In 1933 he took revenge on the Secret Service with Water on the Brain, an obvious swipe at the Service. Despite its satirical cover, he managed to include a few genuine morsels – such as the fact that the chief of the Service always wrote in green ink. At story’s end, the location of the Secret Service’s headquarters is revealed in a spy thriller and the spooks have to move out. The building becomes an asylum for “the servants of bureaucracy who have been driven mad in the service of the country”. By this point Mackenzie was already resident in Scotland and had become close friends with the poet Hugh MacDiarmid and the influential writer, thinker and adventurer Robert Cunninghame Graham. Together they helped establish the National Party of Scotland in 1928, which emerged in 1934 as the modern SNP.

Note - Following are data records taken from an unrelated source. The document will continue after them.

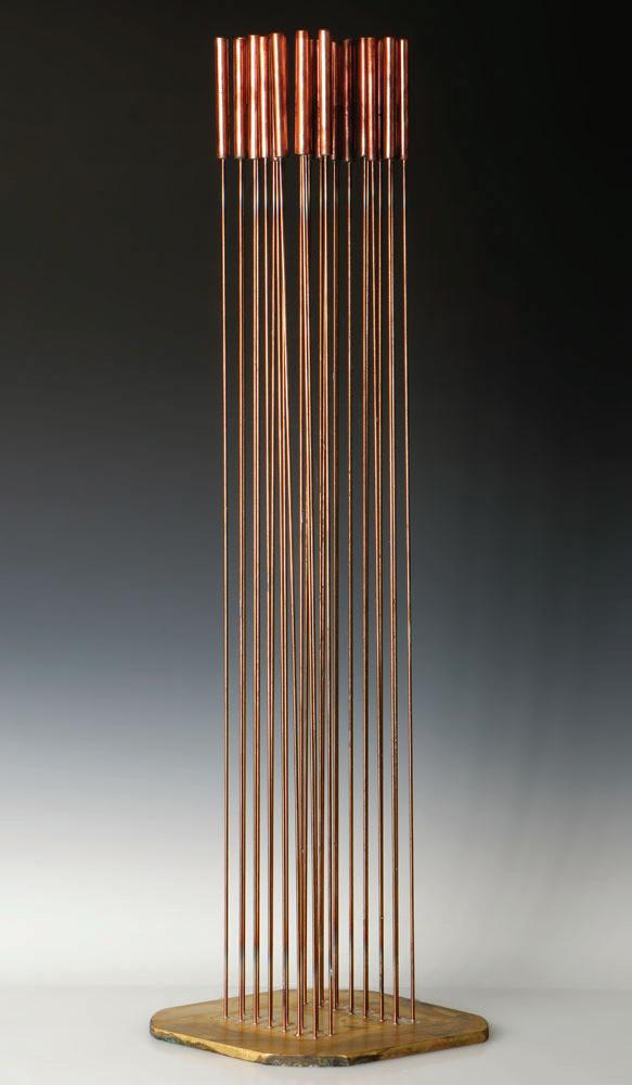 32 . Val Bertoia (American, b. 1949) Sonambient Sculpture (B-2883), brass cat-tail tops silvered to beryllium copper rods, silvered to brass base. Size: 33.5'' x 9.75'' x 10'' (85 x 25 x 25 cm).
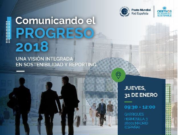 Mañana jueves 31 de enero la Red Española del Pacto Mundial presenta el informe ‘Comunicando el progreso 2018. Una visión integrada en sostenibilidad y Reporting’. ¿Cual ha sido el compromiso y los principales avances de las empresas españolas en el cumplimiento de los 10 Principios del Pacto Mundial y de los ODS?
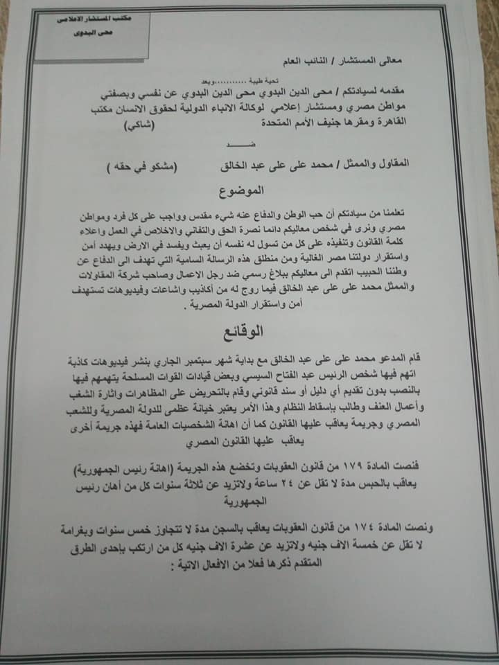 قام المستشار محي البدوي المستشار الإعلامي لوكالة الأنباء الدولية لحقوق الإنسان بجنيف بالأمم المتحدة والمسؤول الإعلامي للوكالة بمصر بتقديم بلاغ رسمي للنائب العام يتهم فيه المقاول والممثل محمد علي بتهمة التحريض ضد الدولة المصرية والدعوة لاثارة الشغب والفوضي وتوجيه الاتهامات الكاذبة التي تحمل إهانه لشخص الرئيس عبد الفتاح السيسي والقوات المسلحة والشعب المصري وأستند محي البدوي الي أن شخص الرئيس يمثل جموع المصريين في كل مكان وانه جاء بانتخابات الشعب المصري وأن توجيه أي إهانه له تمثل إهانه للشعب المصري أجمع كذلك الأمر بالنسبة للقوات المسلحة بإعتبارها السيف والدرع الذي يحمي الشعب المصري وكرامته من كرامة الشعب نفسه.
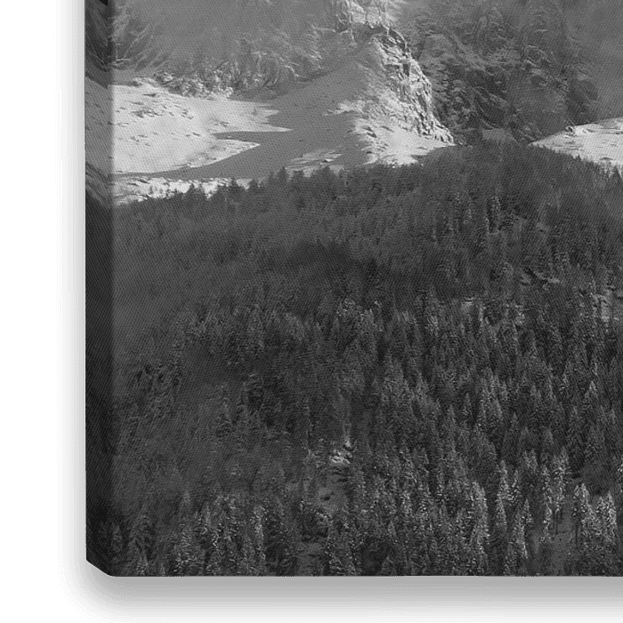 Verse sneeuw en wolken zetten de Aiguilles de Chamonix in een sfeervolle setting. Deze bergen van rots liggen in de Mont Blanc vallei van de Franse Alpen. Zwart-wit foto.

Mackenzie settled on the Hebridean island of Barra and concentrated on his most ambitious project, The Four Winds of Love. Gavin Wallace, another of his biographers, later wrote: “The Four Winds of Love, published in six volumes between 1937 and 1945 and containing almost 1 million words, is one of the most ambitious Scottish novels of the twentieth century, an enormous historical odyssey which anatomizes the politics of peripheral nationalism both throughout Europe and in Britain, again through semi-autobiographical character development.”
But it was Mackenzie’s comic novels that won him wider fame and fortune. Whisky Galore, based on a real-life incident in Eriskay in 1941, was first adapted for the big screen by Ealing studios and released to popular acclaim in 1948. The enduring appeal of the novel was later summed up by one Scotsman literary critic:
“So what if it perpetrates the old, cliched ‘Brigadoon’ myth? Scots, English, American or Martian, no-one can resist this tale of ill-gotten whisky gain on a Scottish island in wartime. It’s simply hilarious.”
Such was Mackenzie’s status as an elder statesman of letters he was knighted in 1952 and remained a much-respected cultural commentator for the rest of his life. In later years he lived in Drummond Place, in Edinburgh’s New Town, where he died from cancer aged 89, in 1972, he is buried on Barra.
Lavish tributes followed. Dr Robert McIntyre, president of the SNP and the first Scottish nationalist elected to parliament, described Mackenzie as “the Grand Old Man of Scotland”. Novelist Eric Linklater said he was a “consummate stylist, who, unlike most writers, also lived with style.”
There are many Mackenzie quotes I could call on, but my favourite is
“Love makes the world go round? Not at all. Whisky makes it go round twice as fast.”